## [Assignment]
Your output must be the lines below from the line containing "Artistic Stripes Knotted Strap Straw Bag" to the line containing "Как информирует пресс-служба, по", both lines included, reproduced exactly and without pictures.

## [Records shown]
--

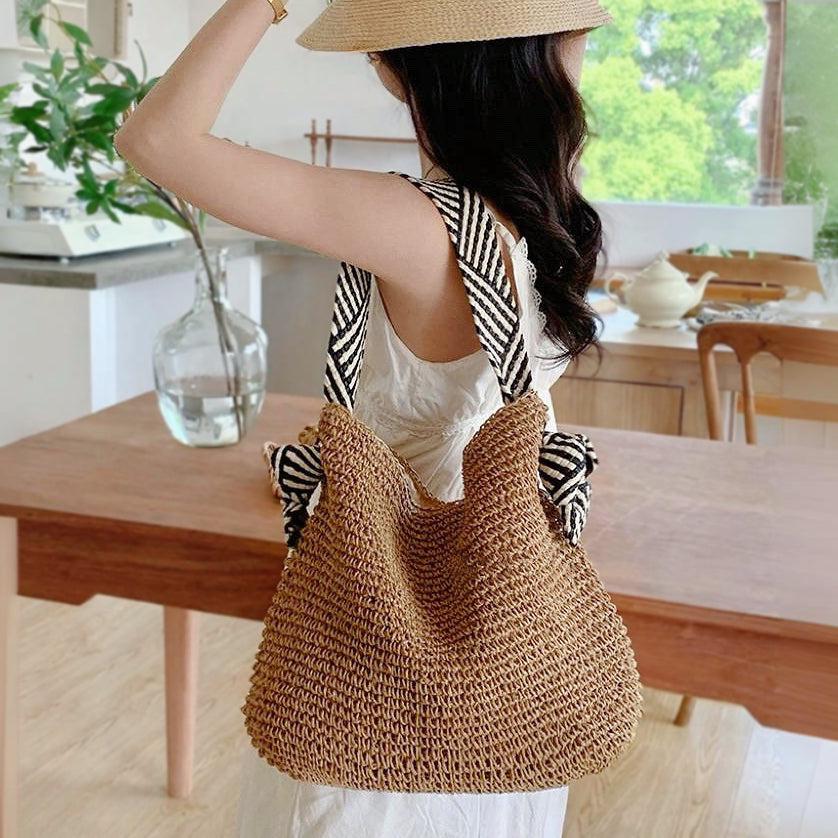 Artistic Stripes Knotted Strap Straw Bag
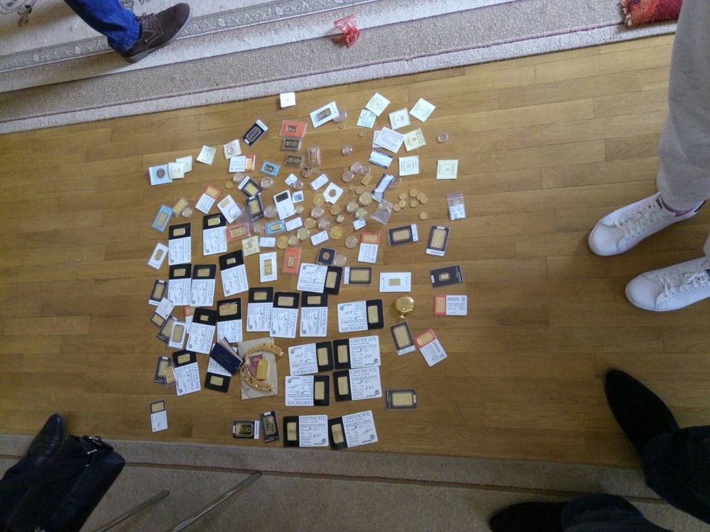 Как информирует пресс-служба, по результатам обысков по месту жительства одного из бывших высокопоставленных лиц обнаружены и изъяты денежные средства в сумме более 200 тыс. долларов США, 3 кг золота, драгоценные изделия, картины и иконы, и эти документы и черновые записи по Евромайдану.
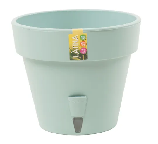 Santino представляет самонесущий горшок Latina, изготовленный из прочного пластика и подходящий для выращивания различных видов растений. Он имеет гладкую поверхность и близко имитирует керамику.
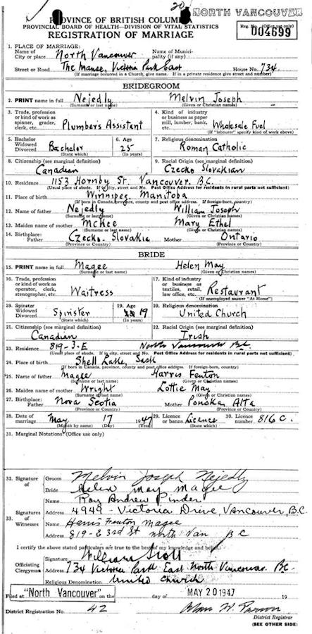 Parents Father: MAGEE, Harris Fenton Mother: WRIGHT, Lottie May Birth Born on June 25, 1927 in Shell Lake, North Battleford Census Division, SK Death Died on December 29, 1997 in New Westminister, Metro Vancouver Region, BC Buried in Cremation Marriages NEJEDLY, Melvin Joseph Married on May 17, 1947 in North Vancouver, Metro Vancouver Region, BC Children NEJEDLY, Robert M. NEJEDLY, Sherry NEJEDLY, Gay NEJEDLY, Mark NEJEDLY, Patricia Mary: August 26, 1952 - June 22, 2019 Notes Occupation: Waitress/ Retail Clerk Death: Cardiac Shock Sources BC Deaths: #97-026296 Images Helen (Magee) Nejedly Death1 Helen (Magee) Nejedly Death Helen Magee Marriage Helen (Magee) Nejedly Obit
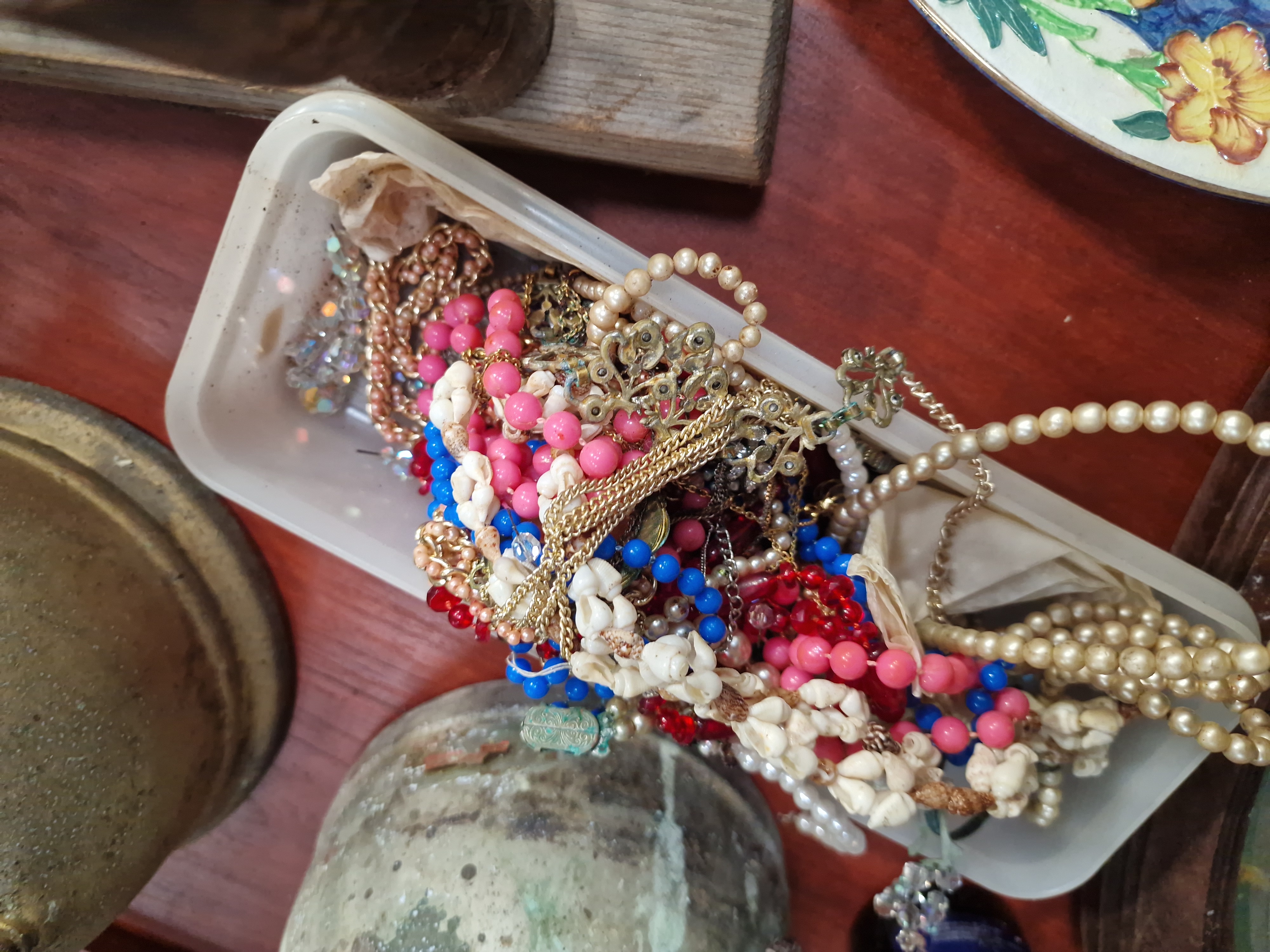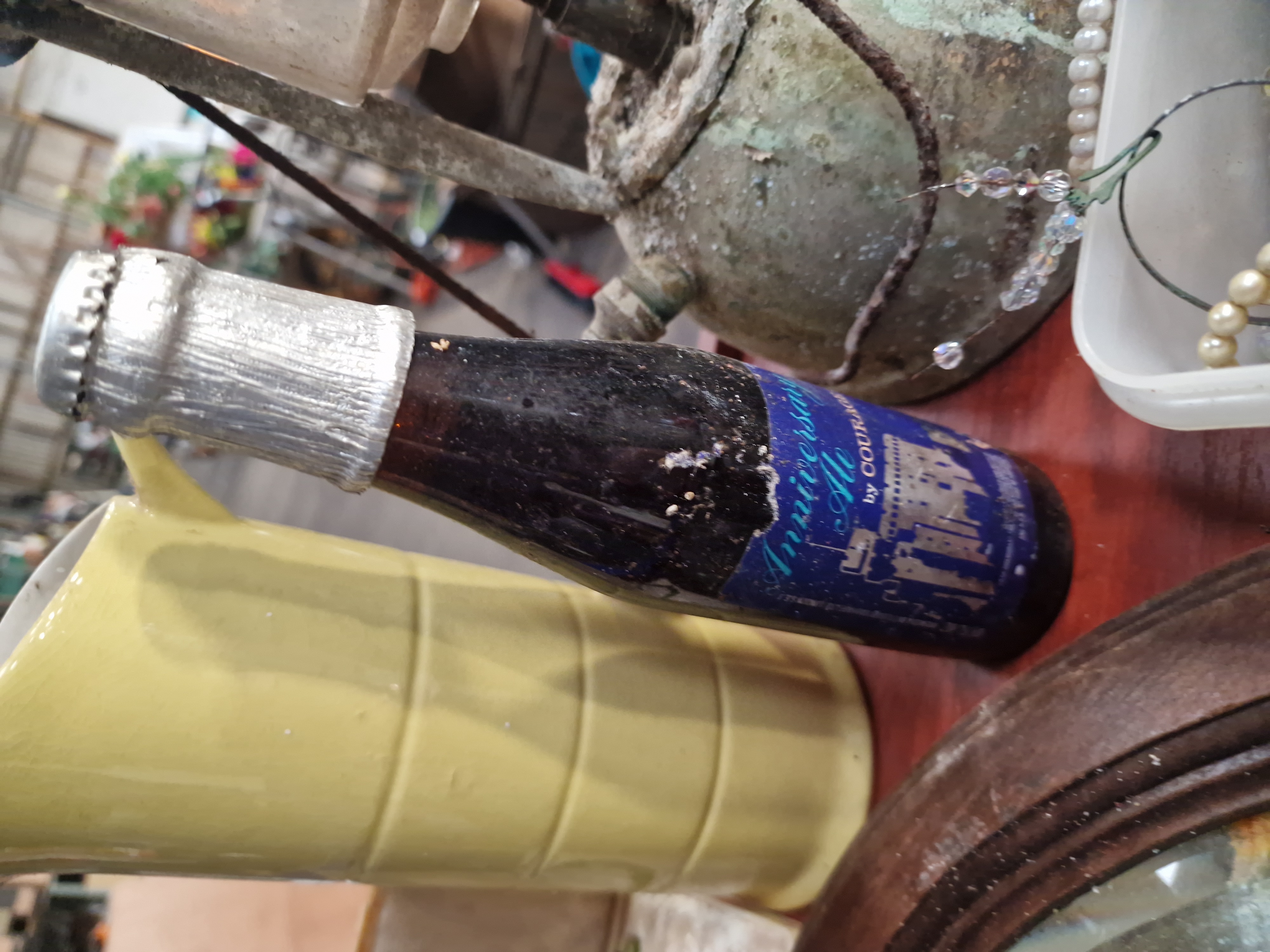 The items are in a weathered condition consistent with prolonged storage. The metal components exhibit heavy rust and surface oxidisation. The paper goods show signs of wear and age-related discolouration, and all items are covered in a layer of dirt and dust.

--

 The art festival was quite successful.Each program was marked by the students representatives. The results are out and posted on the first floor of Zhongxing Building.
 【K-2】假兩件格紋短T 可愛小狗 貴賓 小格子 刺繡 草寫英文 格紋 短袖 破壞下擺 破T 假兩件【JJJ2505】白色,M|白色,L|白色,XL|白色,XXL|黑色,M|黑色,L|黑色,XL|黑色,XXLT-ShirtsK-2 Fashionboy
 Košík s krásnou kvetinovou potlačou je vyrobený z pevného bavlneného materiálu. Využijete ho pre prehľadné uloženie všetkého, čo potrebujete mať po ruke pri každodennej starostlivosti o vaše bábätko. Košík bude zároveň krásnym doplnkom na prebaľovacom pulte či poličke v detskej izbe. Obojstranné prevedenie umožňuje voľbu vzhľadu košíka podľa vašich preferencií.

--

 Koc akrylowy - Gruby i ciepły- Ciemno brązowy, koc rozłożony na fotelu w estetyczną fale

--

## [Written answer]
 Artistic Stripes Knotted Strap Straw Bag
 Как информирует пресс-служба, по результатам обысков по месту жительства одного из бывших высокопоставленных лиц обнаружены и изъяты денежные средства в сумме более 200 тыс. долларов США, 3 кг золота, драгоценные изделия, картины и иконы, и эти документы и черновые записи по Евромайдану.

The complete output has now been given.